I had yesterday off. And unlike the last two times I had an off day, I did not go into the office for a meeting.

So I went to the tailor instead. New suit pants need sizing and that guy is the man for the job. It would be helpful if the tailor’s name was Taylor. Once, in some parts of the world, names were tied to vocations or locations. It had its conveniences, not the least of which was that it bound people into one place and role. Why, some ancestor of mine worked in metals, I guess, and look how far I’ve come since then.

Well, I’ve just looked up the other five of my most proximate family names. They are all English, or diminutive of German, or maybe Greek, or just rare and relatively unknown to the Internet. One site says there are 242 people in the U.S. with that rare name. Surely that’s an underestimate. But I didn’t even know I had that name until well into adulthood and I don’t think I’d ever heard it around the ancestral haunts, so I’d agree it is rare.
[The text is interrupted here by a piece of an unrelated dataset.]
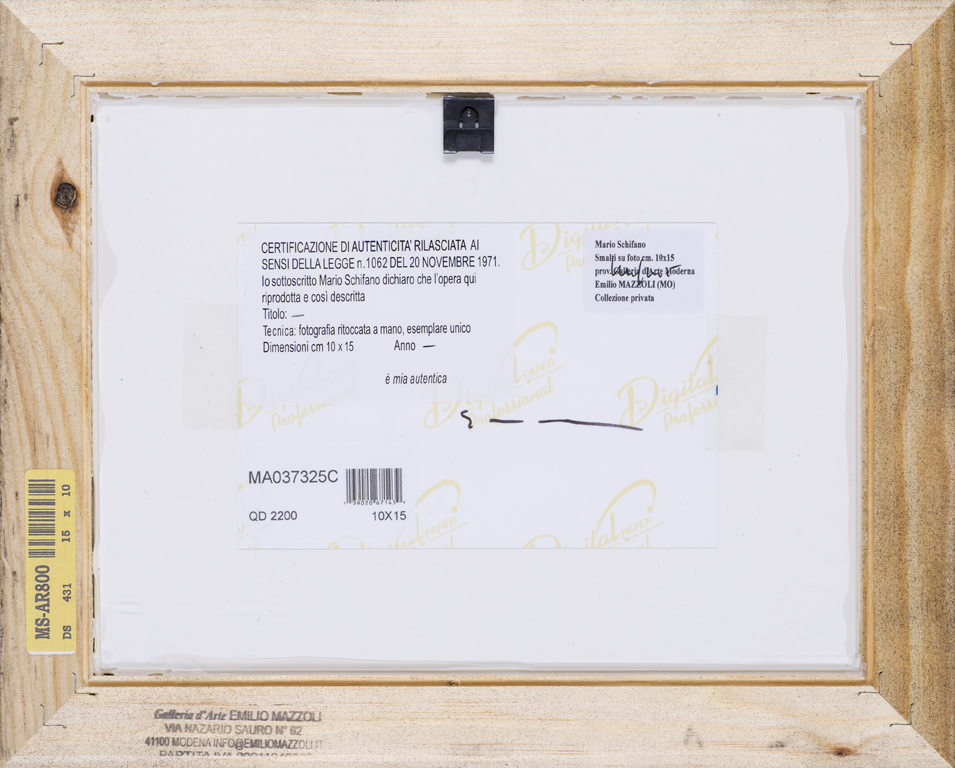 Certificato di autenticità e firma di Emilio Mazzoli al retro

But it, and the rest of the family names, seem to be without detailed insight and description. Not like “Smith,” I guess. Not all names, it turns out, are terribly patronymic. But names ought to mean something.

Anyway, the tailor did his measuring and marking. I went to the store, where I saw this this scarily detailed poster. Despite it’s insight, it leaves off some important suggestions: after counting money, before and after performing surgery, after high-fiving your mechanic, after pulling a double-shift in the infectious diseases laboratory and so on.

Also, the instructions are missing. That’s a deliberate choice by some germy Batman villain, I’m sure. But we’ve all been to a restroom and where people demonstrate poor hand hygiene. Warm-to-hot water, soap, 20 seconds. Sing Old MacDonald song to yourself if you must.

MacDonald, by the way, is a common Scottish patronymic surname meaning “son of Donald,” meaning “world ruler.” So Old MacDonald was one of the less ambitious members of the clan, one supposes. Anyway, the Internet goes on — oh, how it goes on — to tell us that MacDonald is from the Gaelic Mac Dhamhnuill.

Anyway, I’m sure the merchant has noticed the problem with the poster. It’s not the dirtiest restroom you’ve ever been in. Nothing that a coat of paint and some better lights couldn’t fix. But here’s my worry. If your initial read, as the merchant who placed that poster, is that you should tell people when, you are absolutely right, and you should tell them how.

At home, sanding wood this afternoon. I’ll be sanding wood into my golden years, but it’s going to be a nice project, when I get through with the sanding in 2024. (There are 10 pieces still to go on the sanding. They are substantial pieces. I’ll get three or four done before next week, I hope.) So there I am, sitting in a chair in the garage, in between the cars, taking down some western pine from milled and kiln-dried lumber, into the dimensions required for the project, and then through sandpaper of 100-, 150-, 220- and 400-grit. The end pieces will then get a few passes with 600-grit. Then I have to somehow de-dust 24 large pieces of wood, condition, stain and seal them. And then I can assemble the finished product. It’s going to be awesome.

In 2024.

Oh, also, welcome to Catober. You met Poseidon earlier in the day. You’ll meet his sister, Phoebe, tomorrow.

They’re neat. OK, she’s neat. He’s a complete and total handful. That’s the first picture I took of either of them, and it almost perfectly encapsulates his personality. We got them midway through the summer and they are now getting good and settled in. We’ve more or less learned their styles, they sometimes acknowledge us.

We’ll do the photos throughout the month. I just couldn’t do it in September. Maybe, I hope, it’ll be a bit better here.

Poseidon got his name because his original one was not good, and he also loves water, so now he’s named after the god of the sea. Phoebe, on the other hand, came to be associated with the moon in late Greek mythology, but she was originally a Titan with gifts of prophecy and calmness. Names ought to mean things.